▶ _What is needed_
From the line with "Kalhotky Gorsenia. Model" through the last line of the records below, both ends included, transcribe only those lines, exactly, and omit the pictures.

### Source data ###

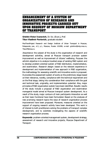 Предмет, организация научно-исследовательских и опытноконструкторских работ в целях совершенствования транспортного обеспечения города Москвы и повышения уровня благосостояния жителей города. Цель: проанализировать проблемные области существующей системы организации и проведения научно-технической политики транспортного комплекса города Москвы и разработать проблемно ориентированную систему распределения, выполнения и экспертизы соответствующих НИОКР. Дизайн исследования: на основе изложения опыта разработки и внедрения нового подхода к организации соответствующих исследований предложена методология оценки научных и инновационных работ на входе (актуальность, новизна, соответствие технического задания цели и сложности заявленной работы) и выходе (соответствие поставленным целям и техническому заданию, новизна и возможность внедрения). Выявлены и сформулированы основные принципы организации научноисследовательской работы. Результаты: предложена управленческая модель организации и экспертизы научно-технических работ, проводимых в интересах развития транспортного комплекса города Москвы. Описаны основные контуры взаимодействия и базовый функционал участников системы. Проанализирована перспективная тематика проводимых исследований и предложены направления ее совершенствования. На основе анализа ресурсного обеспечения выполнения программы разработаны меры поддержки проводимых мероприятий. Работа может быть интересна как практикам, занимающимся проблемами развития транспортного комплекса, так и ученым, изучающим вопросы организации научных исследований.
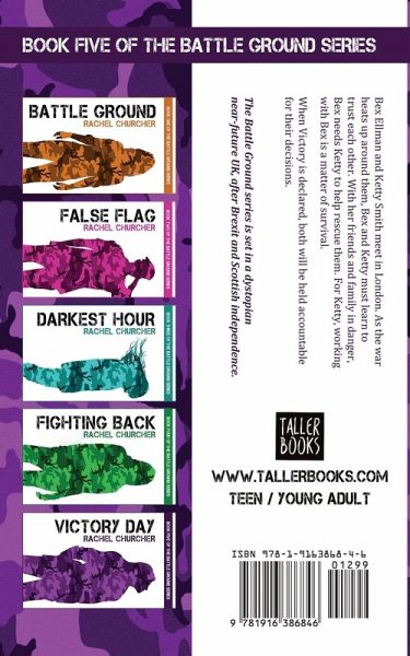 Bex Ellman and Ketty Smith meet in London. As the war heats up around them, Bex and Ketty must learn to trust each other. With her friends and family in danger, Bex needs Ketty to help rescue them. For Ketty, working with Bex is a matter of survival. When Victory is declared, both will be held accountable for their decisions. The Battle Ground series is set in a dystopian near-future UK, after Brexit and Scottish independence.
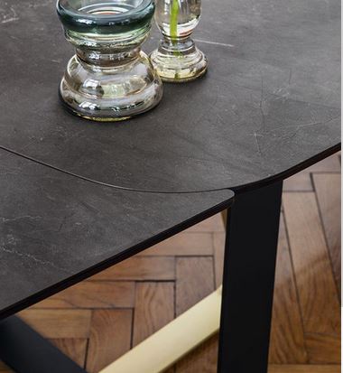 Miza SUNSHINE je na voljo kot fiksna in raztegljiva jedilna miza, idealna za vse bivalne prostore in se ponaša z elegantno silhueto. Kovinsko podnožje je nameščeno na izravnalni nogi. Podnožje je tako sestavljeno iz elementa v obliki črke »U« in elementa v obliki črke »L«, katera sta skupaj pritrjena s skritimi vijaki. Njeno lepoto je mogoče poudariti tudi z dvobarvnima različicama dveh elementov podnožja, katera sestavljata osnovo, kar ji daje še izjemno eleganten videz.
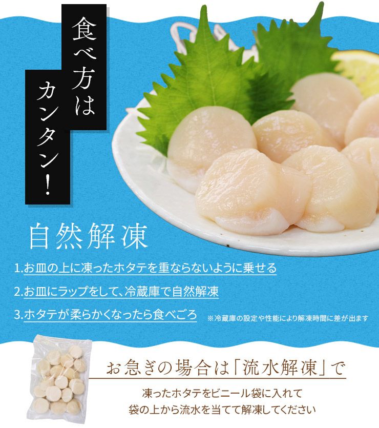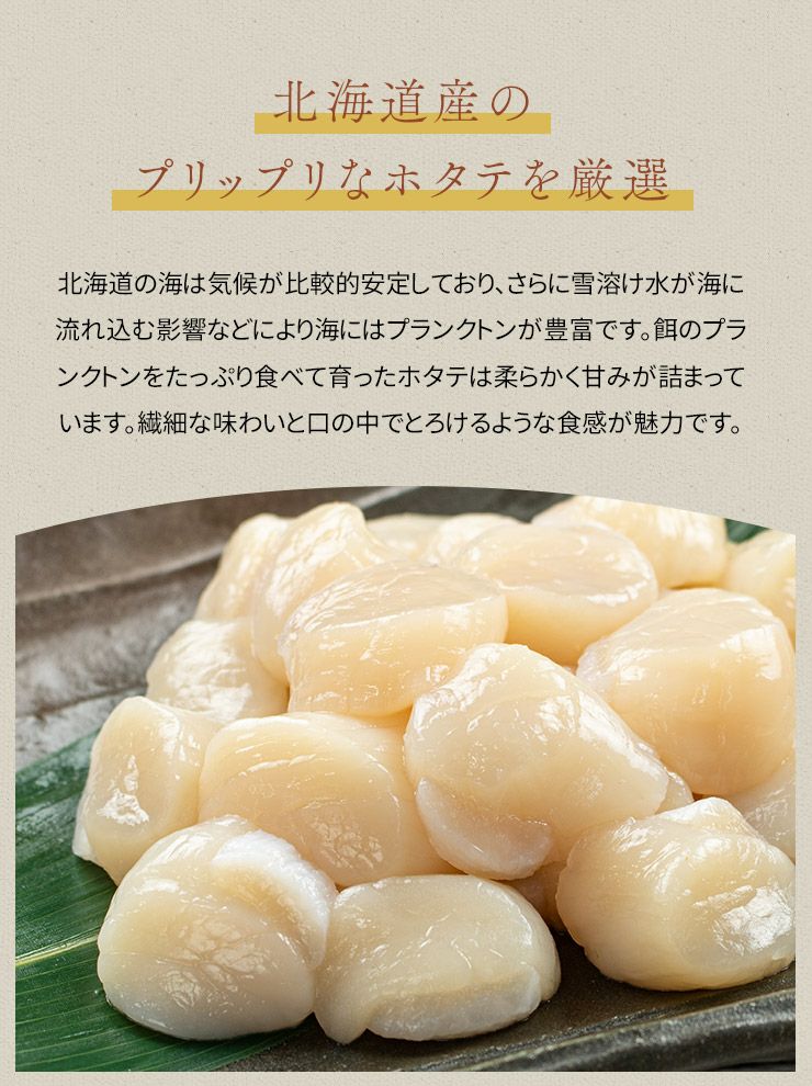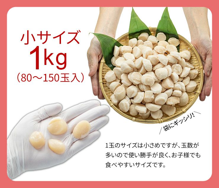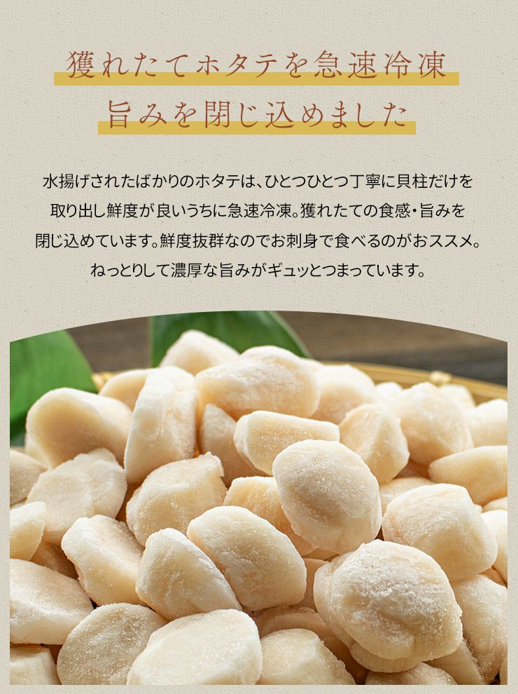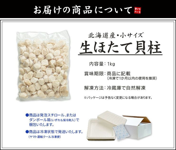 他の画像を見る バラ凍結だから小分けもOK!極上ほたて食べ放題 北海道産生ホタテ貝柱1kg 小サイズ(80~150玉入) 送料無料 お刺身 バター焼き(お歳暮 お年賀 ほたて 帆立 海鮮丼 手巻き寿司 おつまみ 御祝 内祝 贈り物 プレゼント ギフト)[[生ホタテ1kg_小サイズ] クール便でお届け 販売価格 ¥ 7,980 税込 カートに入れる お気に入りに登録する
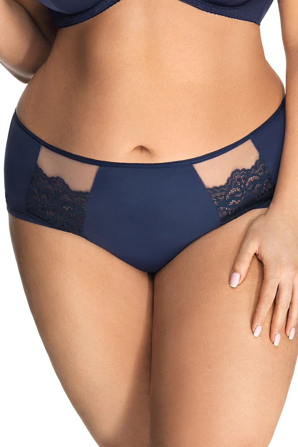 Kalhotky Gorsenia. Model K442 Luisse. Výrobek je vyroben z 90 % z polyamidu, 7 % z elastanu a 3 % z polyesteru. Výrobek pro ženy. Kalhotky vysoko. Výhody produktu: elegantní nude maxi velikost.
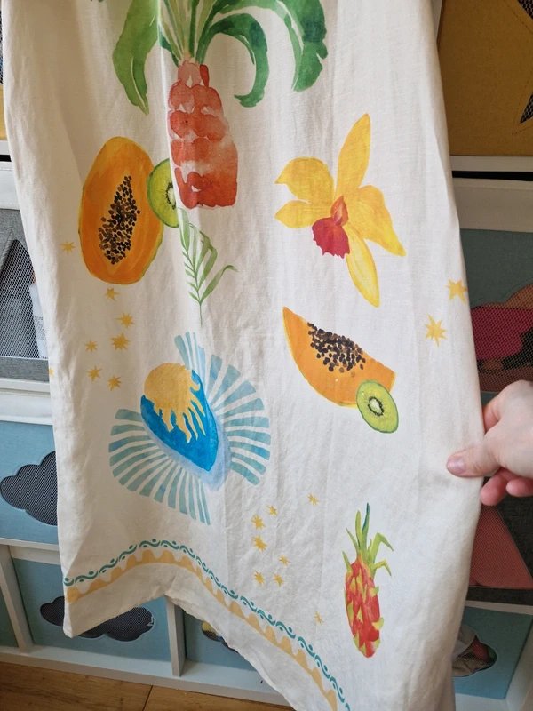 Cream Maxi Dress with hand painted motifs from our Rio print, designed in-house by our amazing design team. Features a range of tropical fruits on a cream base that transports you to the joyful atmosphere of a hot. Crafted in a beautiful, lightweight linen blend, this dress seamlessly combines comfort with style.
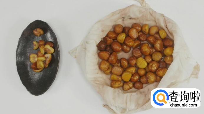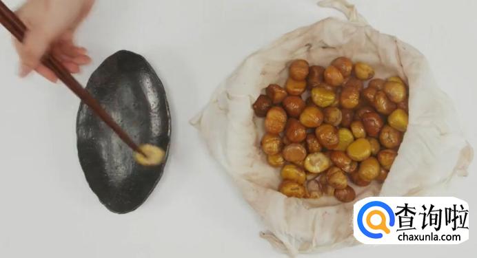 再挑出破碎的栗子。
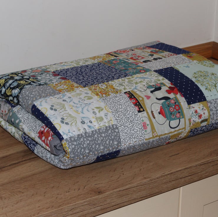 Shades of teal, grey, blue and yellow come together in this traditionally made patchwork quilt or throw. The quilt measures 160cm x 190cm (63 x 75 inches) and is made using 100% cotton fabric and thread. The inner layer, or wadding, is 50% cotton, 50% bamboo, providing a very soft and breathable layer of warmth.
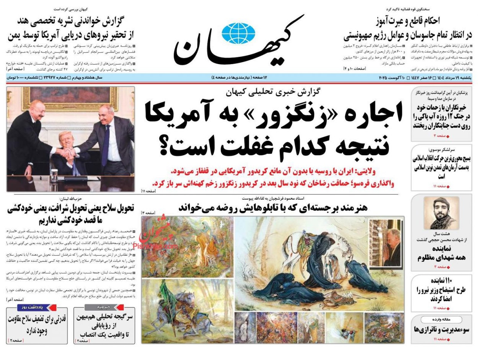 روزنامه کیهان، منسوب به خامنه‌ای در گزارش اصلی شماره یکشنبه ۱۹ مرداد خود نوشت: جمهوری اسلامی، «چه با همراهی روسیه و چه بدون آن» در برابر هرگونه طرح ضدایرانی نظیر زنگزور، واکنشی قاطع و بازدارنده خواهد داشت.
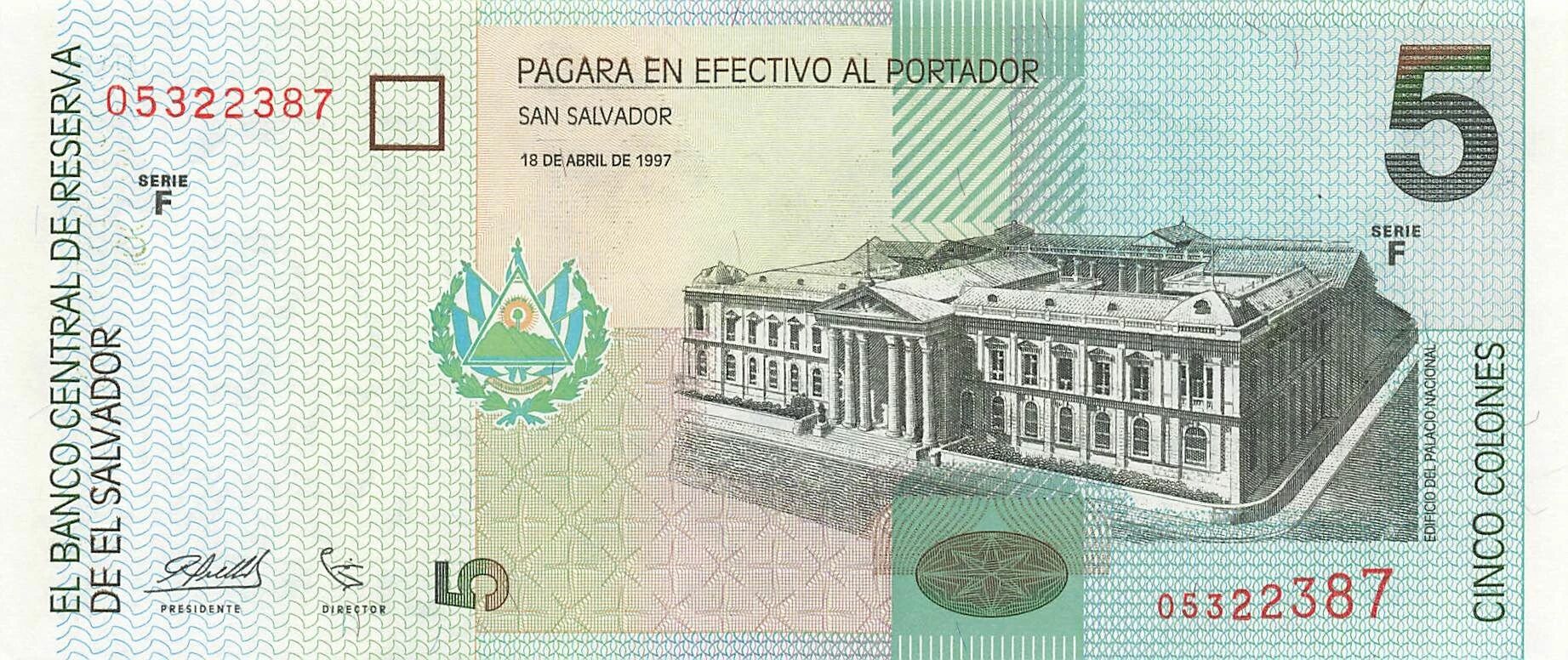 Accueil > Billets du Monde > Billets d'Amérique > Salvador > El Salvador 5 Colones - 18-04-1997 - P.147
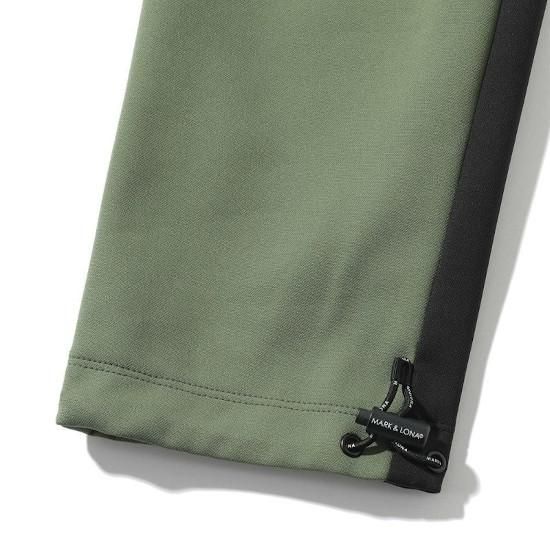 高ストレッチの機能糸を使用し、ハイゲージの編み機で特殊な組織に編み上げた素材を採用。軽さ、ハリ・コシ、高いストレッチ性が特徴で、シワになりづらく形状安定性にも優れています。裾にはスピンドル機能をもたせ、スタイリングやシューズに合わせて自由に調整が可能です。
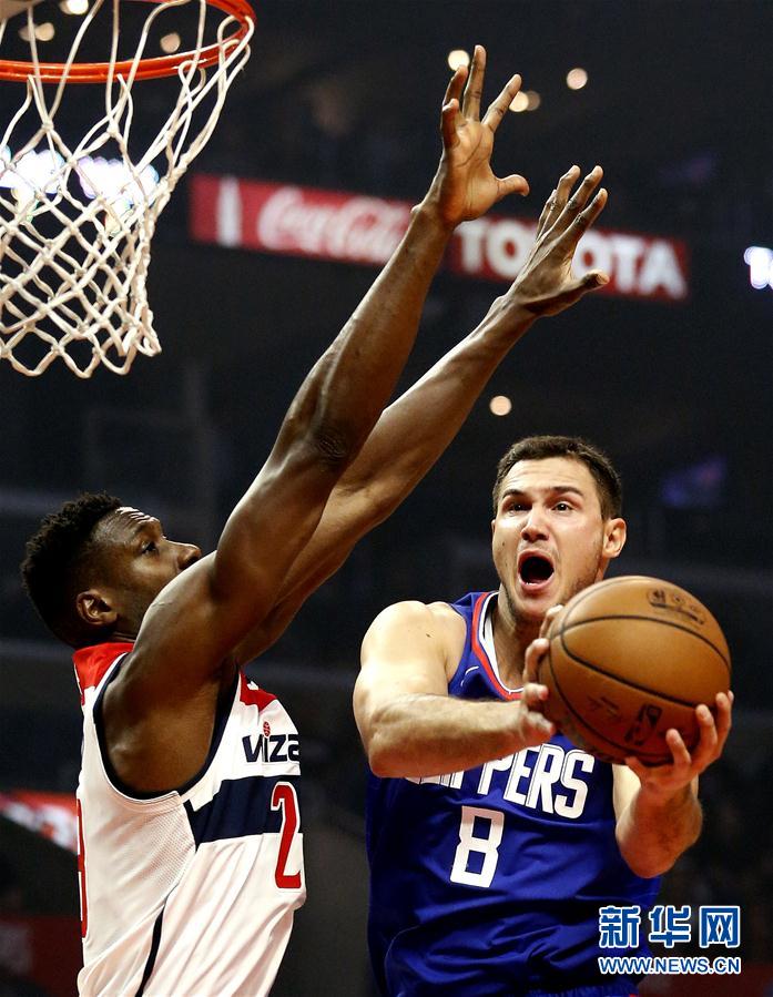 ↑10月28日,洛杉矶快船队球员达尼罗·加里纳利(右)在比赛中突破上篮。 当日,在2018-2019赛季NBA常规赛中,洛杉矶快船队主场以136比104战胜华盛顿奇才队。 新华社发(赵汉荣摄)

###

▶ _Exercise result_
 Kalhotky Gorsenia. Model K442 Luisse. Výrobek je vyroben z 90 % z polyamidu, 7 % z elastanu a 3 % z polyesteru. Výrobek pro ženy. Kalhotky vysoko. Výhody produktu: elegantní nude maxi velikost.
 Cream Maxi Dress with hand painted motifs from our Rio print, designed in-house by our amazing design team. Features a range of tropical fruits on a cream base that transports you to the joyful atmosphere of a hot. Crafted in a beautiful, lightweight linen blend, this dress seamlessly combines comfort with style.
 再挑出破碎的栗子。
 Shades of teal, grey, blue and yellow come together in this traditionally made patchwork quilt or throw. The quilt measures 160cm x 190cm (63 x 75 inches) and is made using 100% cotton fabric and thread. The inner layer, or wadding, is 50% cotton, 50% bamboo, providing a very soft and breathable layer of warmth.
 روزنامه کیهان، منسوب به خامنه‌ای در گزارش اصلی شماره یکشنبه ۱۹ مرداد خود نوشت: جمهوری اسلامی، «چه با همراهی روسیه و چه بدون آن» در برابر هرگونه طرح ضدایرانی نظیر زنگزور، واکنشی قاطع و بازدارنده خواهد داشت.
 Accueil > Billets du Monde > Billets d'Amérique > Salvador > El Salvador 5 Colones - 18-04-1997 - P.147
 高ストレッチの機能糸を使用し、ハイゲージの編み機で特殊な組織に編み上げた素材を採用。軽さ、ハリ・コシ、高いストレッチ性が特徴で、シワになりづらく形状安定性にも優れています。裾にはスピンドル機能をもたせ、スタイリングやシューズに合わせて自由に調整が可能です。
 ↑10月28日,洛杉矶快船队球员达尼罗·加里纳利(右)在比赛中突破上篮。 当日,在2018-2019赛季NBA常规赛中,洛杉矶快船队主场以136比104战胜华盛顿奇才队。 新华社发(赵汉荣摄)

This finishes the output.